Progress and future directions in archosaur phylogenetics

Journal of Paleontology, Nov 2001 by Brochu, Christopher A

De Braga and Rieppel (1997) and Rieppel and Reisz (1999) included sauropterygians in a phylogenetic analysis of reptiles. They came to the surprising conclusion that sauropterygians were very basal relatives of the lepidosaurs. Sauropterygians were thus derived diapsids, and the euryapsid condition with a single temporal fenestra was derived from the diapsid two-fenestra pattern. An analysis by Merck (1997) went a step further by including ichthyosaurs as well as sauropterygians. His analysis supported euryapsid monophyly and the diapsid affinities of marine reptiles, but Euryapsida was a basal archosauromorph lineage in his analysis, as tentatively shown in Figure 1. Whether inclusion of ichthyosaurs changes the results of Rieppel's analysis depends on the version of the matrix used (Rieppel and Reisz, 1999).

Even more surprising, inclusion of euryapsids drew turtles within Diapsida in both sets of studies. Turtles reflect the ancestral "anapsid" condition and lack temporal fenestration. For this reason, turtles have historically been regarded as "primitive" reptiles lying outside Diapsida, and all previous morphology-based cladistic analyses agreed that turtles were the living sister taxon of Diapsida (Gauthier et al., 1988; Laurin and Reisz, 1996; Lee, 1995, 1997a, 1997b). Turtles were seen as close relatives of sauropterygians (or even members of Sauropterygia) in the analyses including euryapsids; without euryapsids, those matrices support nondiapsid affinities for turtles.

This was not an entirely "new" conclusion, as anatomists of the late 19th and early 20th centuries sometimes made similar suggestions, but the characters used to draw this conclusion were later considered convergent (Gregory, 1946). It remains controversial within the phylogenetics community, and authors of papers supporting this conclusion acknowledge its heterodoxy (Rieppel and Reisz, 1999). The codings used in these analyses have been contested (e.g., Lee, 1997a), and a sauropterygian-chelonian relationship is weakly supported and based on characters that are homoplastic on the tree as a whole (Rieppel and Reisz, 1999).

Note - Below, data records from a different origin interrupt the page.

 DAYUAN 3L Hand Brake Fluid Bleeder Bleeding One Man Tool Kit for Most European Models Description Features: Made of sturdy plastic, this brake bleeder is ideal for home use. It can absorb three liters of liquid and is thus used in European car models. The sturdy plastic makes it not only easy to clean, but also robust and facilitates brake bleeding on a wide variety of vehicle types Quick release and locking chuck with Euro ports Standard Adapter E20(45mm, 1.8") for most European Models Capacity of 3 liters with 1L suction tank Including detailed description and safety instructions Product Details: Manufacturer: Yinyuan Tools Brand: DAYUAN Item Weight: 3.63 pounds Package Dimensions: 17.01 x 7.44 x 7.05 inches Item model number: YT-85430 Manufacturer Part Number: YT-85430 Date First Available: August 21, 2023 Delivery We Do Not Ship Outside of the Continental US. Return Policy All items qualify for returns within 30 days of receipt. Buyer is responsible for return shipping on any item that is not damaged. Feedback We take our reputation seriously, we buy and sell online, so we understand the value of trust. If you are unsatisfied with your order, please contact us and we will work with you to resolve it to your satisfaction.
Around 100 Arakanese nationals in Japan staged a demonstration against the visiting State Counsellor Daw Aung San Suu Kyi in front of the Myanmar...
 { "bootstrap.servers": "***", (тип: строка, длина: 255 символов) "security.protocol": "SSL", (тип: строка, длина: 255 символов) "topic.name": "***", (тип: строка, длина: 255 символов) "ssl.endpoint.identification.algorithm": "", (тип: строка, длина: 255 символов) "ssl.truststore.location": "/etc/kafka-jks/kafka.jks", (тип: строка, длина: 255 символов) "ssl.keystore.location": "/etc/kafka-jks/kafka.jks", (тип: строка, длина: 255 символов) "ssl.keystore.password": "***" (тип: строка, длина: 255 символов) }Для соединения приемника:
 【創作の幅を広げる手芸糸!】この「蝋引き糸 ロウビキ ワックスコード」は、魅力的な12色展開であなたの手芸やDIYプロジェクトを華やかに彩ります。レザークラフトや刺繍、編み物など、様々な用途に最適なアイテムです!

From a morphological perspective, this is a hypothesis clearly in need of further exploration.

Adding to the controversy, several independent molecular analyses also regard turtles as diapsids (Zardoya and Meyer, 2001). Mitochondrial sequence data argue for a clade that includes turtles, crocodylians, and birds to the exclusion of lepidosaurs, regardless of method (Platz and Conlon, 1997; Zardoya and Meyer, 1998; Janke et al., 2001). Nuclear genes have been less precise (e.g., Gorr et al., 1998), and some actually support a crocodylianturtle clade to the exclusion of birds (Hedges and Poling, 1999; Mannen and Li, 1999), making turtles members of Archosauria in the restricted sense.

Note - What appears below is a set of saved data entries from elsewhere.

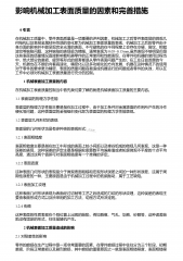 影响机械加工表面质量的因素和完善措施 0 引言在机械加工质量中,零件表面质量是一项重要的评判因素,机械加工之后零件表面层的微观几何结构以及表层金属材料性质的变化即为机械加工表面质量的表现,机械加工之后的零件由于各方面的影响并不能呈现完全光滑的表面,不可避免的在不同程度上会存在冷硬、裂纹、粗糙波纹等缺陷问题,这种缺陷的表现极为精细,通常表现为0.05~0.15mm,虽然表现不够明显但是这些表面的质量情况直接影响着机器零件的正常使用和性能表现,在零件和机器的使用过程当中,绝大部分的磨损、疲劳等形式的损害都是从零件表面问题产生的,在工业日益发展的今天,机器也在不断的向着高速化、精密化以及多功能...
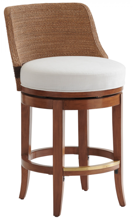 Offers swivel functionality, the relaxed look of twisted Lampakanai on the backs, a metal footrest on the base, and the ability to customize the upholstered seat in your choice of fabric or leather. The pieces are standard in 229211 palmdale, which is an indoor performance fabric with a linen weave in a crisp winter-white coloration.Read More
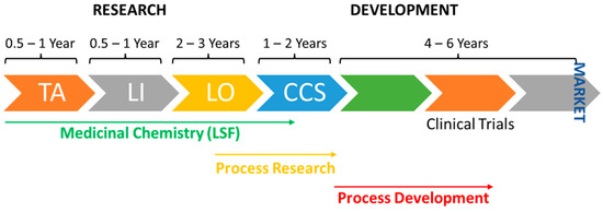 Schematic depiction of drug discovery process. TA: target assessment; LI: lead identification; LO: lead optimization; CCS: clinical candidate selection; LSF: late-stage functionalization.
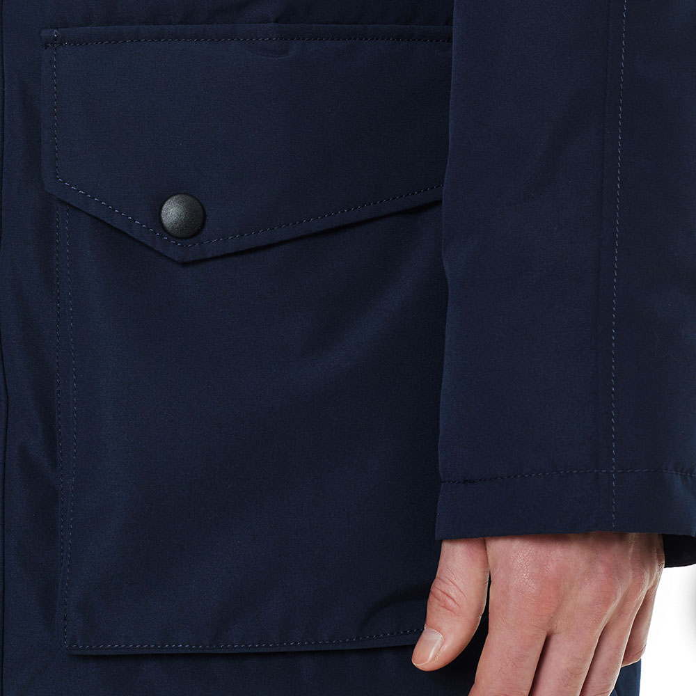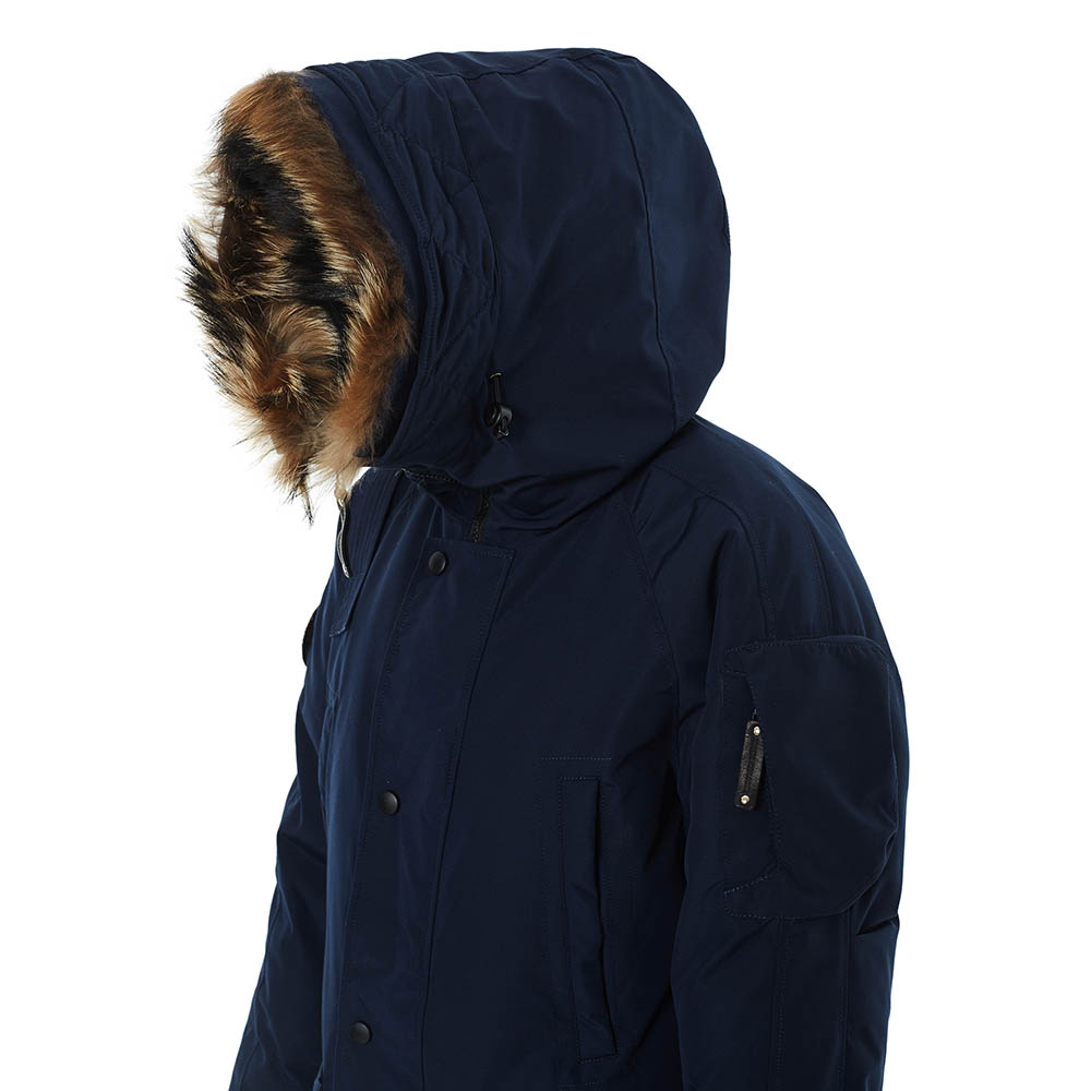 Мужская зимняя куртка выполнена из мембранной ткани 6000/6000 с водоотталкивающей обработкой (WR) спасет вас от дождя и мокрого снега . Внутренние теплые манжеты; капюшон-труба с опушкой из натурального меха (отстегивается); утепленные внешние карманы; накладной карман на рукаве; погон на одном плече – реплика на полярные погоны. А также:
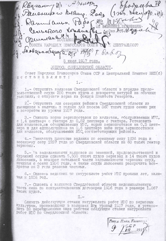 Постановление № 1063 СНК СССР и ЦК ВКП(б). Вопросы Свердловской области. 5 июля 1937 г.

Although the molecular evidence for diapsid (and possibly archosaurian) affinities of turtles is compelling, it is not problemfree. Most importantly, we are working with ingroup divergences minimally older than the Jurassic, and available outgroups-- mammals and lissamphibians-had diverged from the ingroup by the early Carboniferous. Furthermore, some of these genes show strong rate heterogeneity, which may be influencing the ingroup signal (Gorr et al., 1998). But not all genes show evidence for evolutionary rate heterogeneity, and none of these trees can be rerooted to make a "standard" tree with turtles outside Diapsida.